=== TASK ===
Set down, word for word, every line of the material below from the one containing "2025年8月8日至今,公司" through the one containing "- 지게차 운행 출입구", but none of its pictures.

=== RECORDS TO PROCESS ===
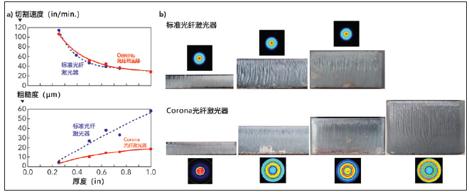 图2:采用带100μm 馈送光纤的标准4kW 光纤欧陆娱乐器与4 kW Corona 光纤欧陆娱乐器(a)进行氧气辅助低碳钢切割的对比,其中上图显示了切割速度,下图显示了测得的边缘粗糙度值;照片显示边缘质量,光束图像包含于每张照片的上方或下方(b)。
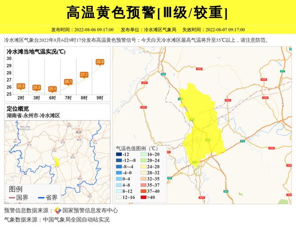 冷水滩区气象台2022年8月6日9时17分发布高温黄色预警信号:今天白天冷水滩区最高气温将升至35℃以上,请注意防范。 信息来源:国家预警信息发布中心; 发布单位:冷水滩区气象局。
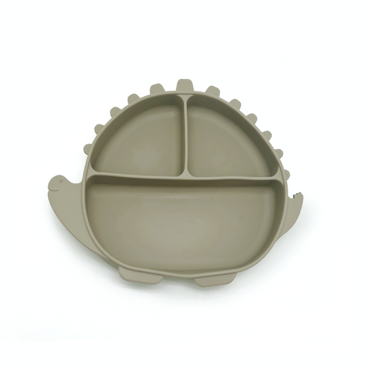 Plato en Forma de Dinosaurio de Silicon con 3 Divisiones | Olive Green
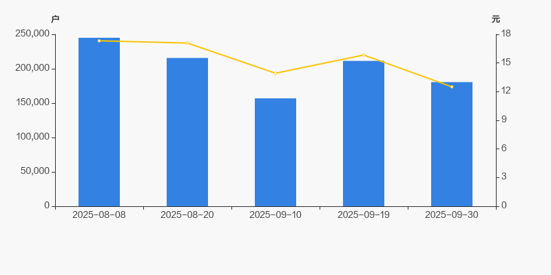 2025年8月8日至今,公司股东户数显著下降,区间跌幅为26.31%。2025年8月8日至2025年9月30日区间股价下降27.81%。
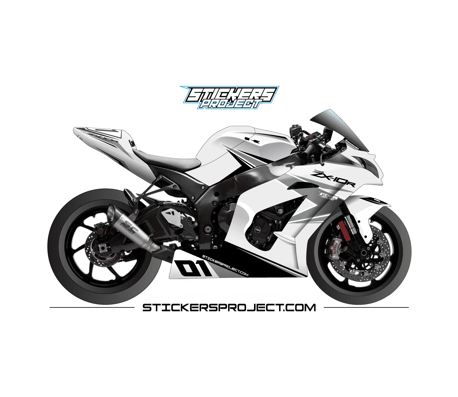 Kit Déco Kawasaki ZX10R 2011-2015 – Blanc et Gris
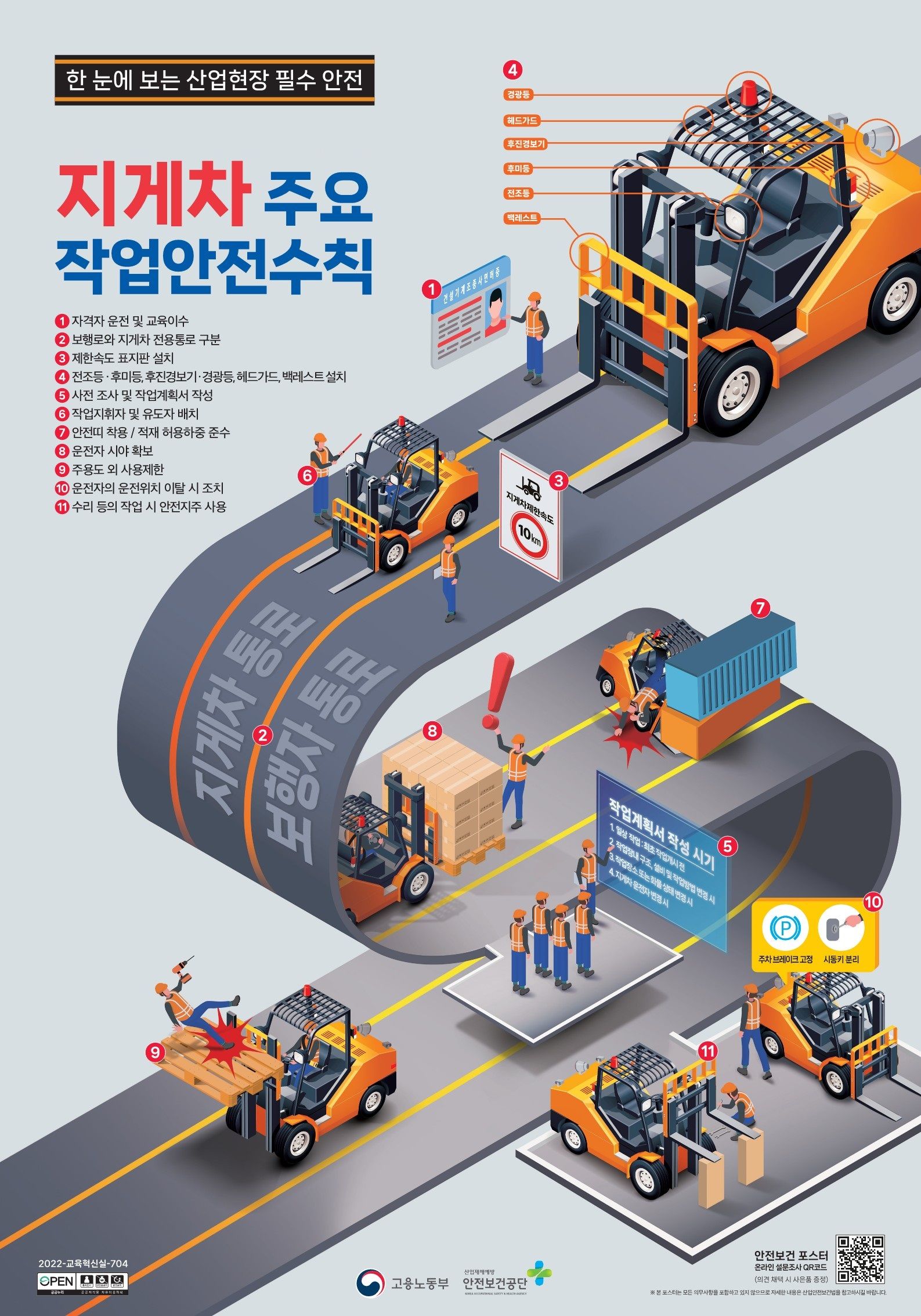 - 지게차 운행 출입구 및 이동 경로 상에는 보행자용 출입구와 보행 통로를 반드시 설치하고, 운전자의 시야를 가리는 대형 적재물 운반 시에는 후진 운행 하여 사고를 예방
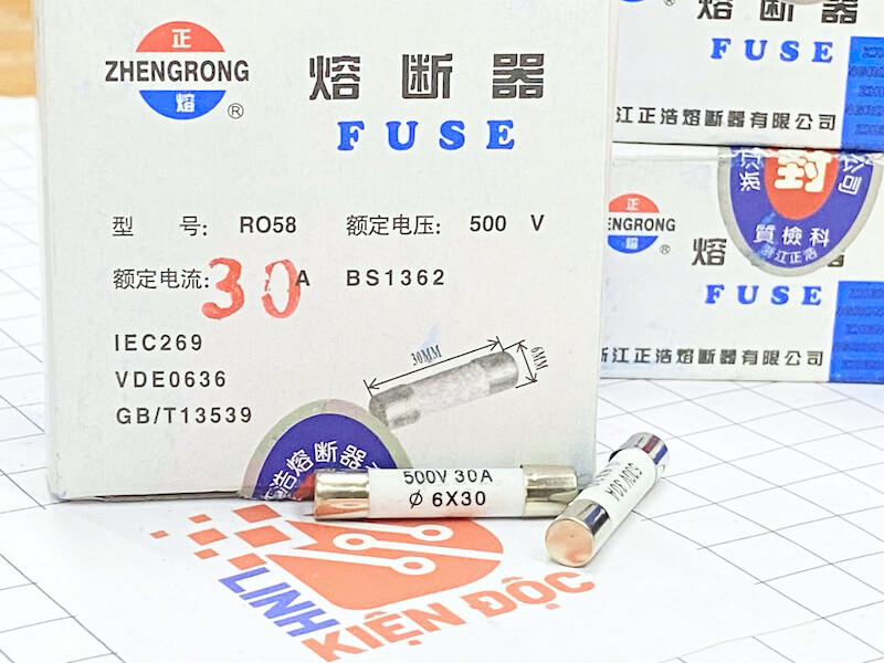 Cầu chì sứ R058 30A 500V (6x30mm) là loại cầu chì ống chịu tải lớn, vỏ sứ cao cấp, chuyên dùng bảo vệ các mạch điện, thiết bị công suất cao khỏi các sự cố quá dòng hoặc ngắn mạch. Nhờ thiết kế tiêu chuẩn 6x30mm, sản phẩm dễ dàng thay thế, lắp đặt trên các đế cầu chì phổ biến, đáp ứng nhu cầu bảo vệ an toàn trong hệ thống điện dân dụng và công nghiệp.
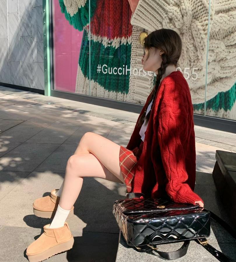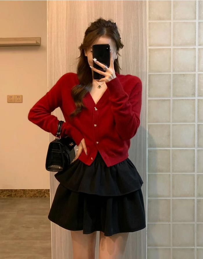 紅黑配色的穿搭,很耐看時髦呢,由內到外都透着高級,軟軟糯糯的紅色毛衣開衫,小短款的長度,最適合個矮的姐妹了。
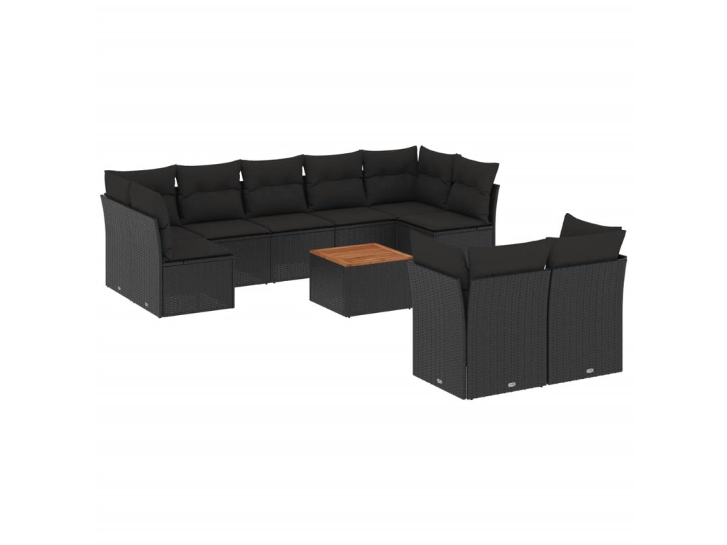 10dílná zahradní sedací souprava s poduškami černá polyratan 3256139
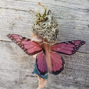 Del mismo modo destacan sus bellas alas con formas y fantásticos colores inspirados en los de las maravillosas mariposas. Su largo pelo de fábula sujeta con mimo una gran corona de musgo muy característica en esta hada. Vistiendo con colores inspirados en tonos mágicos de las zonas más boscosas, donde ella habita, atrae cualquier mirada que hacia ella se dirije. Ya sea de niños o mayores todos caen ante sus encantos. Motivo por el cuál esta fabulosa artesanía nunca pasa desapercibida.
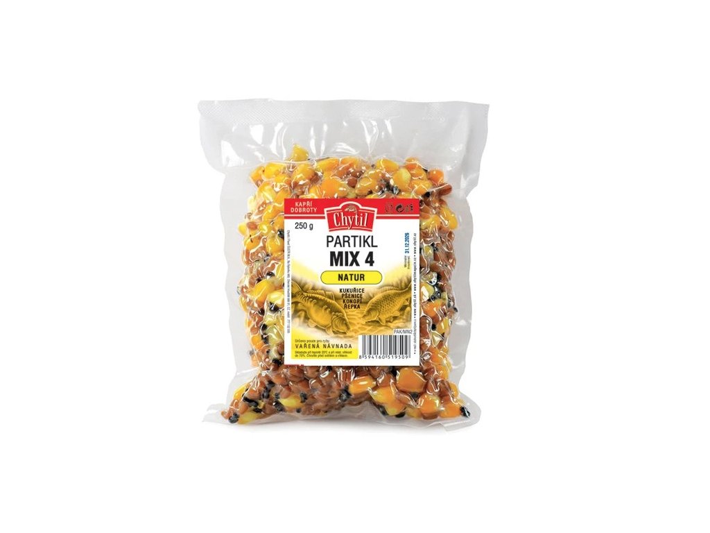 Partikl MIX 4 – jedná se o směs vařených zrn kukuřice, pšenice, konopí a řepky. Tento mix je perfekní pro celoroční použití, díky konopí a řepce pracuje výborně i v chladné vodě. Lze jej použít jako hrubý přídavek do krmných směsí, nebo jej použít zvlášt jako krmení. Pro ještě větší zatraktivnění doporučujeme použít například naši betainovou zálivku. Při výrobě používáme mírnou dávku šetrného konzervantu. Vakuově baleno. Po otevření spotřebujte do 10 dní.

=== ANSWER TO THIS TASK ===
 2025年8月8日至今,公司股东户数显著下降,区间跌幅为26.31%。2025年8月8日至2025年9月30日区间股价下降27.81%。
 Kit Déco Kawasaki ZX10R 2011-2015 – Blanc et Gris
 - 지게차 운행 출입구 및 이동 경로 상에는 보행자용 출입구와 보행 통로를 반드시 설치하고, 운전자의 시야를 가리는 대형 적재물 운반 시에는 후진 운행 하여 사고를 예방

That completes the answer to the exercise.